Dick said:The point is a_{ij}>i*j. You will run out of numbers at a finite point even if a_{ij} gets to be hugely large. It's not really a Cantor problem. The index set is the limit.
The notation n^2 refers to the number of elements in an array when it is squared, while 8*n refers to the number of elements in an array multiplied by 8. This means that n^2 is a quadratic relationship, while 8*n is a linear relationship.
In general, 8*n is more efficient than n^2 in terms of array operations. This is because linear relationships have a lower computational complexity compared to quadratic relationships, meaning that operations on arrays with 8*n elements will take less time and resources compared to arrays with n^2 elements.

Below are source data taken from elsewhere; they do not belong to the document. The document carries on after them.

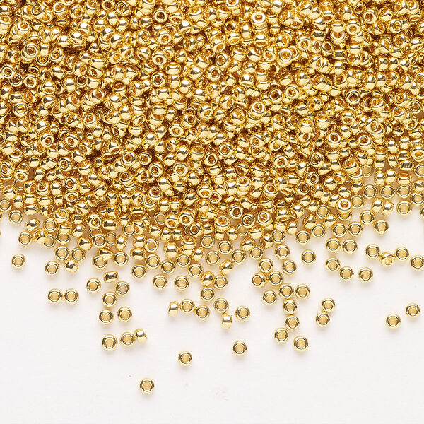 Seed bead, Miyuki, glass, pkg/250g, #15 rocaille, opaque 24Kt gold-plated, (RR-191).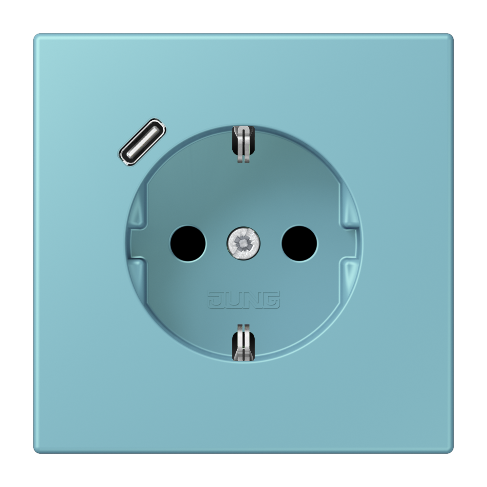 SCHUKO®-Steckdose, 16 A 250 V ~, mit USB-Ladegerät (JUNG Quick Charge®), 1 x Typ C, Safety Plus, Serie LS, céruléen moyen (32032)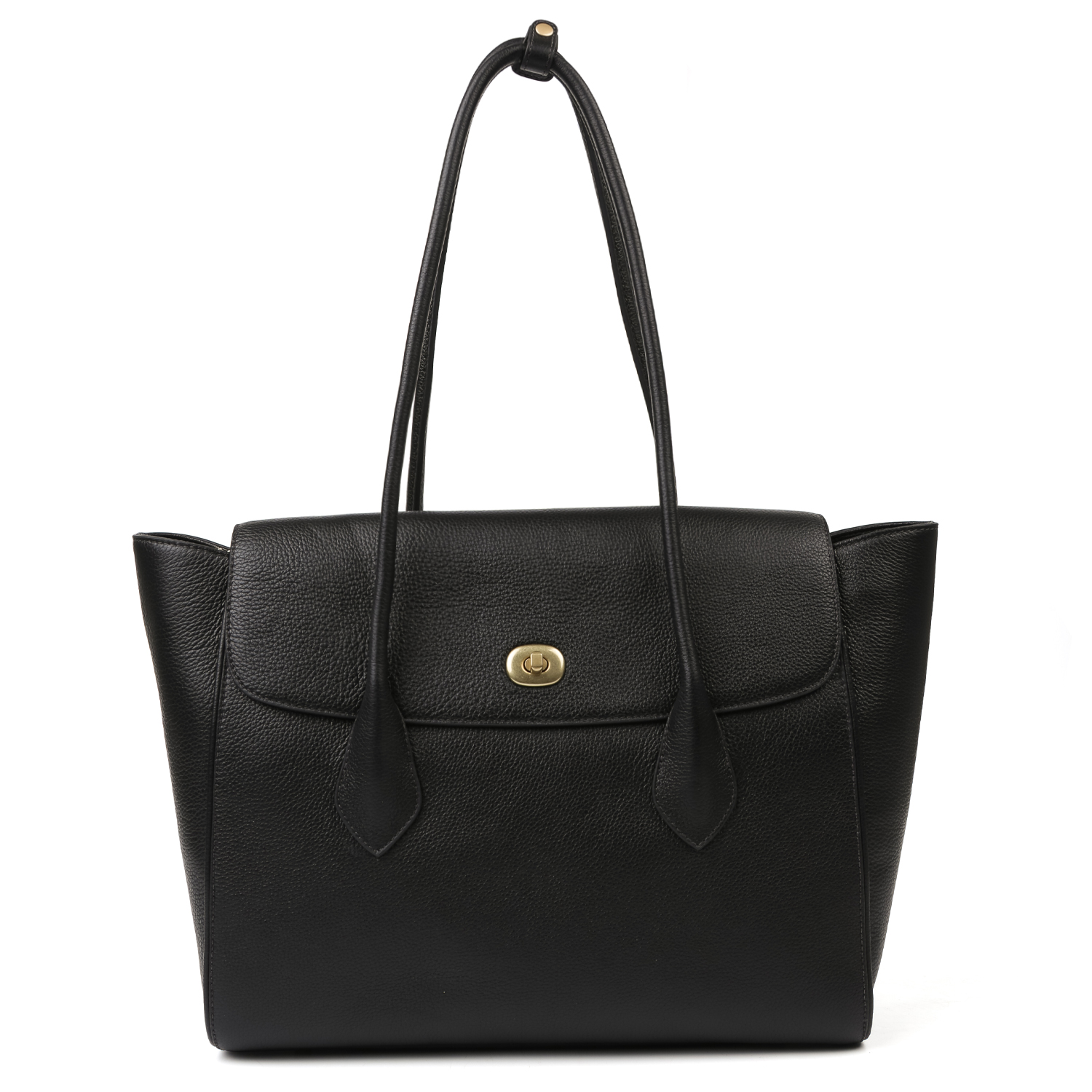 Элегантная деловая сумка-тоут FABRETTI в черном цвете, выполненная из натуральной высококачественной зернистой кожи. Закрывается на клапан с поворотным замком. Аксессуар имеет две удобные ручки. Основное отделение закрывается на молнию, внутри - три кармана: два открытых и один на молнии. Карман быстрого доступа на тыльной стороне. Материал подкладки: полиэстер. Цвет фурнитуры - золото. Изделие вмещает формат A4.

The size of an array can be represented by either n or n^2, depending on the dimensionality of the array. For example, a 1-dimensional array of length n will have n^2 elements, while a 2-dimensional array with n rows and n columns will have n^2 elements. Similarly, an array with 8*n elements can be interpreted as having a size of n or n/8, depending on the dimensionality of the array.

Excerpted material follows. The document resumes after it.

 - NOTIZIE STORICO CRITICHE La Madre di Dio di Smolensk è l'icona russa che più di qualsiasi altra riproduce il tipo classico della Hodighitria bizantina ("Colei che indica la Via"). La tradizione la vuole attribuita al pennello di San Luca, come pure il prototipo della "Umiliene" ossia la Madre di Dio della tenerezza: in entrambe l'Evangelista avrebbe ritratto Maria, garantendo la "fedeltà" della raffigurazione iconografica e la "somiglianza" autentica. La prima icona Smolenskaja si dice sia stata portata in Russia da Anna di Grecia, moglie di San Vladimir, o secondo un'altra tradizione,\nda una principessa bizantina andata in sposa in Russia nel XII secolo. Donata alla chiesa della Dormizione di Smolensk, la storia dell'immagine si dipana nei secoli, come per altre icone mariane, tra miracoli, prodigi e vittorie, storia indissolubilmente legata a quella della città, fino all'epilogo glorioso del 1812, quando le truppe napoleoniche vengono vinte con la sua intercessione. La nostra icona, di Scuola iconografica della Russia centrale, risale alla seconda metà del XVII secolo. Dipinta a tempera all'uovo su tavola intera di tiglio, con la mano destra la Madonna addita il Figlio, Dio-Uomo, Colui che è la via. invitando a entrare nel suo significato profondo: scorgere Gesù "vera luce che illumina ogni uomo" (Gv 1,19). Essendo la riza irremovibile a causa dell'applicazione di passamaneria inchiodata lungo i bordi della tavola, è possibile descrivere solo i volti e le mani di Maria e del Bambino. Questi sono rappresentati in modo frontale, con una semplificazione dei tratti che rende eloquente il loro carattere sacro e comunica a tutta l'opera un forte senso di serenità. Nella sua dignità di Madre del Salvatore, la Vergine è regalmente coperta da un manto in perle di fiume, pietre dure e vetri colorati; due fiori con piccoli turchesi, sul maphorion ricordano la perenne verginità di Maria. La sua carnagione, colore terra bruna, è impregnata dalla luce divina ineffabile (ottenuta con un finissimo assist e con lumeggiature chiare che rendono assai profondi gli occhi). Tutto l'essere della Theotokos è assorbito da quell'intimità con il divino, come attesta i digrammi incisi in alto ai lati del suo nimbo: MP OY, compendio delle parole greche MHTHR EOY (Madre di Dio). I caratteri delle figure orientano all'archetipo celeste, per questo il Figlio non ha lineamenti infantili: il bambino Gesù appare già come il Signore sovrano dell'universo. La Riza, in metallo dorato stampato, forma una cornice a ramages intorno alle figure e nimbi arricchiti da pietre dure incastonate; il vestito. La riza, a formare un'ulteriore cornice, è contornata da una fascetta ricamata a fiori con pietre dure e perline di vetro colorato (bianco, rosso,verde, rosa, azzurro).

n^2 would be more useful than 8*n when dealing with operations that require the array elements to be accessed or manipulated in a quadratic manner. For example, if a problem requires finding all possible combinations of elements in an array, n^2 would be a more appropriate representation of the array size rather than 8*n.

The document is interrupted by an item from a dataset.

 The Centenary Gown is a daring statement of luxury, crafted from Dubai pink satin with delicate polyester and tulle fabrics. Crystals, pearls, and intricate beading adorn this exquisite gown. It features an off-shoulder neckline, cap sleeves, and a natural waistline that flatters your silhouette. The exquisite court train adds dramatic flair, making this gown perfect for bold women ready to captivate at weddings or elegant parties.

By understanding the relationship between n^2 and 8*n, developers can make informed decisions about the size of arrays and the operations performed on them. For example, if a problem requires a large number of array operations, using an array with 8*n elements rather than n^2 elements can significantly improve the efficiency and speed of the code. This understanding can also assist in identifying potential bottlenecks and optimizing code for better performance.